Anastasaides’ re-election reduces uncertainty over economic policies, DBRS says

The re-election of President Nicos Anastasiades for a second term in office reduces uncertainty over the direction of economic policies in Cyprus, rating agency DBRS has said.

In a press release, DBRS said the latest election result gives President Anastasiades a solid mandate for a second consecutive term, adding the recovery of the economy under his first term seemed to have driven votes in his favour.

Furthermore, the agency noted that with the presidential elections settled, the focus moves back to addressing the challenges Cyprus faces, such as the the reduction of banks’ high non-performing loans (NPLs), the still high private sector debt, as well as maintaining healthy growth prospects and public finances.

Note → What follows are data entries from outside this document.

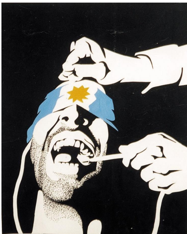
JULIO LE PARC La tortura en Argentina , 1972. Archivo Graciela Carnevale

FECHAS: 18 de mayo de 2022 - 10 de octubre de 2022
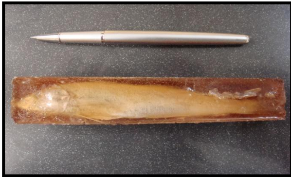
شکل ۲: ماهی شورت و تغییر رنگ در رزین در اثر فساد در نمونه

قرار گرفت که نتایج حاصل از روش فوق در جدول شماره ۵ آمده است این روش فقط در مورد ماهیان کوچک و ریز می تواند کاربرد داشته باشد و در مورد سایر ماهیان در اثر فساد رنگ رزین و ماهی تغییر می کند شکل ۲.
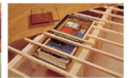
② 床下ユニット収納 2連スライドタイプの本棚 (2階設置用)
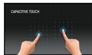
Touch Technologie - Kapazitiv

Die IPS-Displays sind vor allem für weite Betrachtungswinkel und natürliche, hochgenaue Farben bekannt. Sie eignen sich besonders für farbkritische Anwendungen.
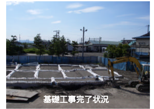
基礎工事完了状況
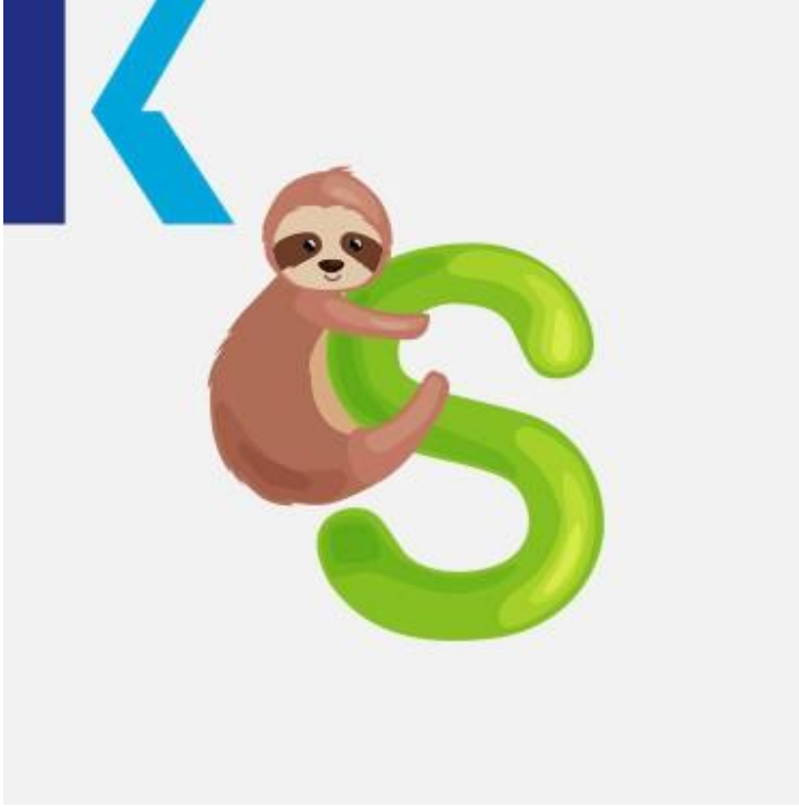
S - Sloth

يعتبر حرف الـ "إس" ثالث أشيع حرف ساكن من حيث الاستخدام باللغة الإنجليزية، ونجده كثيراً في بداية يوعده. يأتي كدلالة على الجمع في نهاية الأسماء مثل – promise ، يبدأ – start : ونهاية الأسماء أو الأفعال برتقال – oranges .
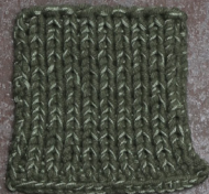
Cosy: Hunting Green SBF: Soft Green
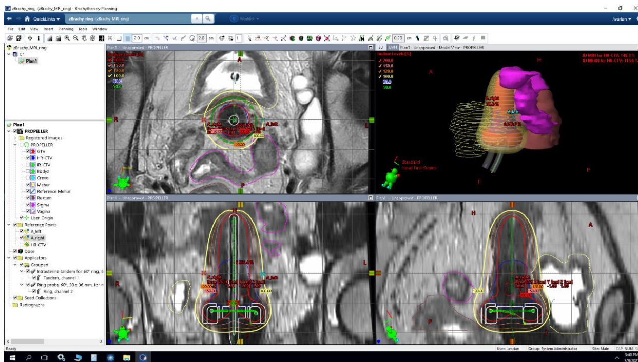
Рис.1 Пример выполненного плана лечения рака шейки матки
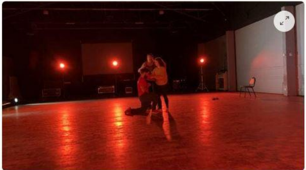
La compagnie Y a un trou dans l'mur, en résidence à l'espace Benoîte-Groult.
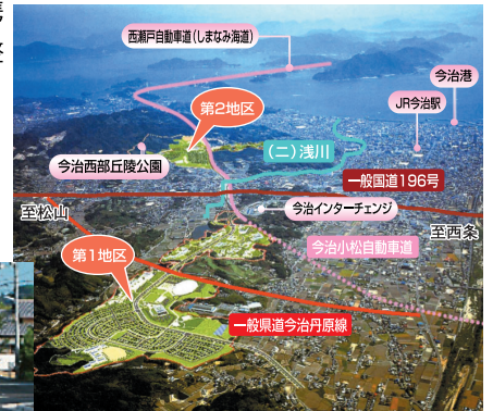
今治新都市との連携(今治市)
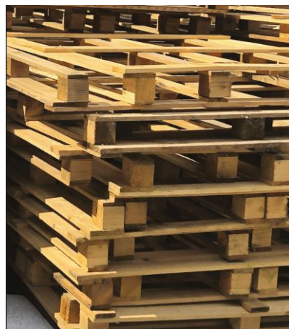
Reprise des palettes Europe
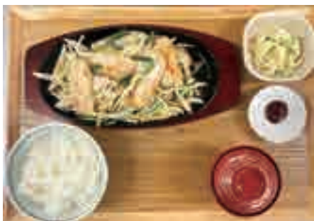
五島豚の 豚トロ旨塩炒 1,280 yen
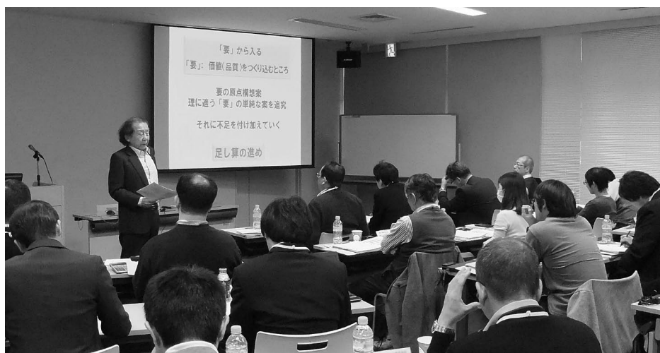
第51回セミナー風景
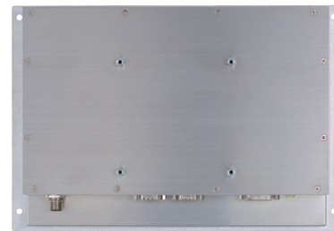
▲ Rear view
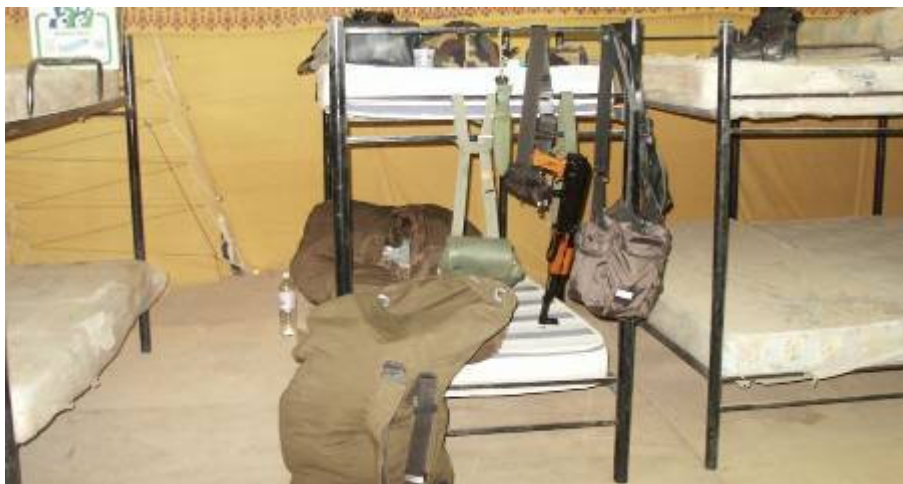
Jó, ha tizenöten foglalunk el egy sátrat
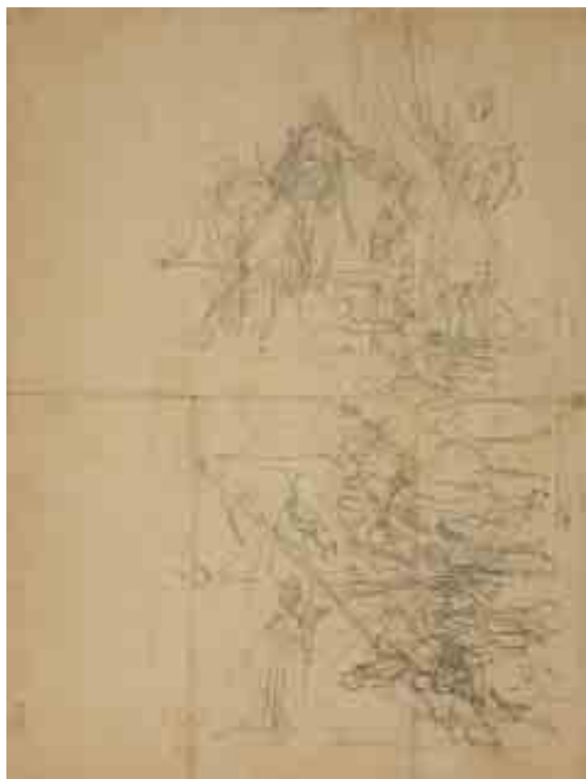
70 – rewers
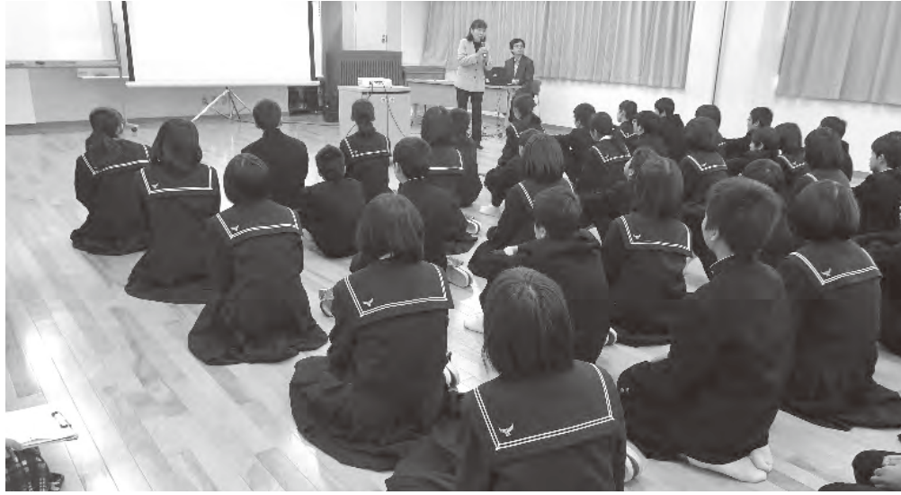
人権について考える (岩美中学校)

会や部活のことを聞くなご、中1ギャップの解消に、先生方には努力していただいている。
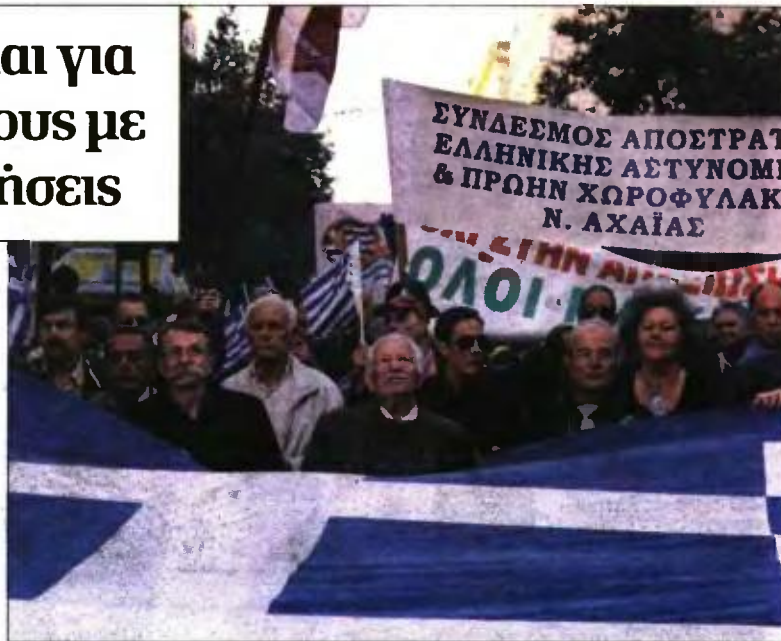
Από συγκέντρωση απόστρατων στην Αθήνα

ασφαλιστικές και οι λοιπές κρατήσεις θα γίνουν σύμφωνα με τη νομοθεσία που ίσχυε την περίοδο 2012-2016. Τα ποσά των αναδρομικών θα αποτυπωθούν σε ξεχωριστή μισθολογική κατάσταση. Ως χρόνος κτήσης θα θεωρηθεί το έτος 2018, παρότι επί της ουσίας ανατρέχουν σε προηγούμενα χρόνια. Το υπουργείο Οικονομικών ανακοίνωσε ότι θα προωθήσει στη Βουλή νομοθετική ρύθμιση, με την οποία θα προβλέπεται ότι η φορολογική υποχρέωση των δικαιούχων των αναδρομικών θα εξαντληθεί με την παρακράτηση του φόρου εισοδήματος, η οποία θα υπολογιστεί και θα διενεργηθεί με συντελεστή 20%.
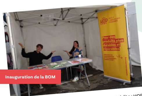
Inauguration de la BOM
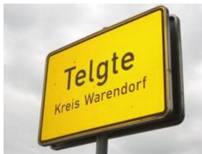
Telgte im Kreis Warendorf.JPG
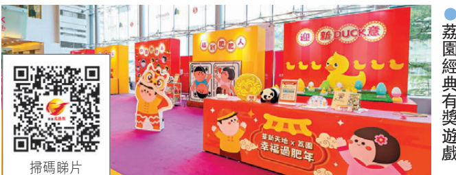
●荔園經典有獎遊戲

DBRS sees the election outcome as reducing the uncertainty over the direction of economic policies. DBRS expects continuity on fiscal policy and the debt management strategy, and more progress on efforts to address banking sector vulnerabilities, after delays on pending reforms in Parliament ahead of the elections, the agency added.

Referring to the future reforms, DBRS said the government lacks a majority in the House of Representatives, which resulted in delays in adopting additional reforms and is likely to remain a challenge for the government’s reform agenda.

Moreover, the completion of additional privatisations is likely to be a major test for the newly re-elected administration, the agency said, adding that if completed, reforms such as privatisations could contribute to a faster-than-expected decline in public debt.

DBRS in December 2017, changed the trend on the BB (low) ratings for Cyprus from Stable to Positive.

This change reflects DBRS’s view that Cyprus’s solid fiscal and economic performances are likely to be maintained, leading to a further reduction in the government debt-to-GDP ratio, the agency added.

DBRS said the Cypriot economy is expected to grow by 3.8% in 2017 beating the earlier projection of 3%, while economic growth is projected at 35 in 2018 and 2019.

According to DBRS, the forecast for the 2017 fiscal surplus was revised upwards to 1.0% of GDP from an earlier forecast of only 0.2% and it is now expected to remain above 1.3% over the next two years.